Although, you might need to modify PutDistributedMapCache so that it
allowed caching attributes, currently it only uses flow file content as the
thing to cache.


On Thu, Jan 26, 2017 at 3:48 PM, Benjamin Janssen <bjanss...@gmail.com>
wrote:

> What if the bulk of the data is what is coming back from the remote
> processing?  So I really want a pattern like this:
>
> Store a couple of attributes.
> Send small request off for additional processing.
> Receive response from remote processing.

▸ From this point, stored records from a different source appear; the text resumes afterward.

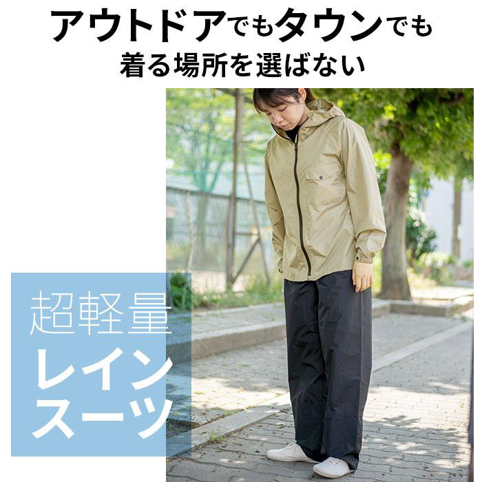 さりげないレインウェアセットアップ Sサイズ ベージュ/ブラック
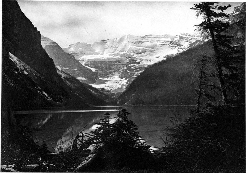 The last visit I made to Lake Louise was toward the middle of October, 1895. A very snowy, disagreeable September had been followed by a long period of milder weather with much bright sunshine. The new snow, which had been quite deep near the lake, had altogether disappeared except high up on the mountain side. It was the true Indian summer, a season with a certain mellow charm peculiar to it alone, characterized by clear 30 sunny weather, a calm atmosphere, a low, riding sun, and short days. Most of the flowers were withered. The deciduous bushes, lately brilliant from frost, were rapidly losing their foliage, and the larches were decked in pale yellow, far up near the tree line. However, the greater part of the vegetation is evergreen, and the spruces, balsams, and pines, the heaths, ericaceous plants, and the mosses contrive to set winter at nought by wearing the garb of a perpetual summer in a region where snow covers the ground three fourths of the year.
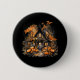 Button with a cool and spooky illustration of a wooden haunted house. Surrounded by big orange pumpkins and trees with orange leaves. Windows with orange lights add a nice glow. Fun Halloween design.
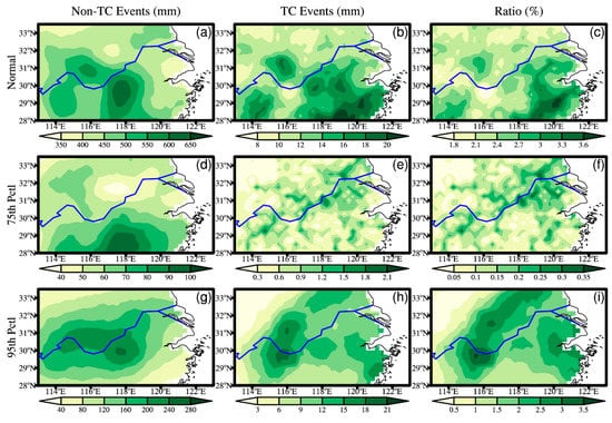 The spatial distribution of annual total TC tracks indicates that MLYRB is not the most affected region by TCs in China; consistent findings are also reported by Li and Zhou [] and Li et al. [], who pointed out that in TC-affected regions the contribution of TC-related precipitation to total rainfall reaches up to 50%, and was chiefly distributed in southeast coastal regions and Hainan, rather than concentrated across MLYRB. Furthermore, the considerable proportion of TCs originated from WNP cannot trigger rainfall events over MLYRB in summer, as their tracks are mainly limited over WNP and they do not make landfall across MLYRB (Figure 2b,c). There are more strengthened landfalling TCs passing through the MLYRB at the both 75th and 95th percentile events compared to that for normal rainfall events (Figure 2d–f). These TCs tracks exert a control on the spatial distribution of the contributions of TC-induced precipitation to summer total rainfall over MLYRB (Figure 3). The distribution of summer mean normal TC-induced rainfall suggests that the highest precipitation amount in excess of 20 mm are mainly found over central, southwest and southeast MLYRB, which is not consistent with corresponding non-TC events with larger rainfall totals exceeding 600 mm situated over central and southwest (Figure 3a,b). For TC-induced precipitation, the highest proportions are recorded along southeast coastal regions of MLYRB (Figure 3c). It is worth noting that the similar relative TC-induced contributions are found at the 95th percentile precipitation events, while the spatial distribution of higher TC-induced rainfall proportions exhibits remarkable discrepancies between normal rainfall events and 95th percentile cases (Figure 3c,i). Moreover, the distribution of TC-induced contributions at the 95th percentile rainfall events roughly coincides with that of mean TC-induced precipitation in summer. However, both of the summer TC-induced rainfall accumulation and proportions for 75th percentile events are much smaller compared to normal and 95th percentile precipitation events, suggesting that TCs may have stronger influences on the lower and upper tail of precipitation distribution than on the moderate rainfall events (75th percentile events).
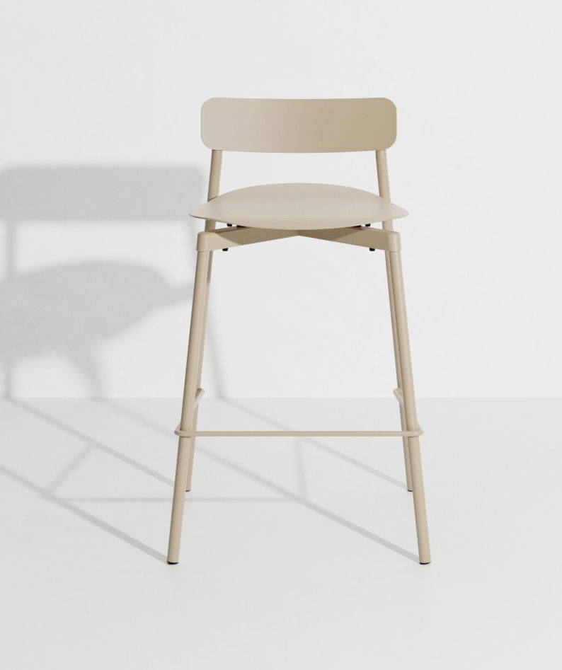 Résistant et léger, le tabouret de bar FROMME en aluminium offre un confort parfait grâce à des amortisseurs placés sous le siège. La finition en peinture poudre mate grainée, résistante à l'eau aux UV, assure une durabilité optimale et un usage intérieur et extérieur.

> Append to that response the originally saved off attributes.
>
> Could I accomplish the same thing by reversing the ordering of the
> Wait/Notify processors?  So do something like this:
>
> Get a file for processing.
> Send it to Notify.
> Send it to remote processing.
> Remote processing data comes back.
> Send it to Wait (where it doesn't actually wait at all).
> Data leaves Wait with appended attributes from the Notify.
>
>
> On Thu, Jan 26, 2017 at 3:35 PM Bryan Bende <bbe...@gmail.com> wrote:
>
>> Ben,
>>
>> To elaborate on NIFI-190... this ticket introduced two new processors
>> (Wait and Notify) that use the DistributedMapCacheServer to communicate.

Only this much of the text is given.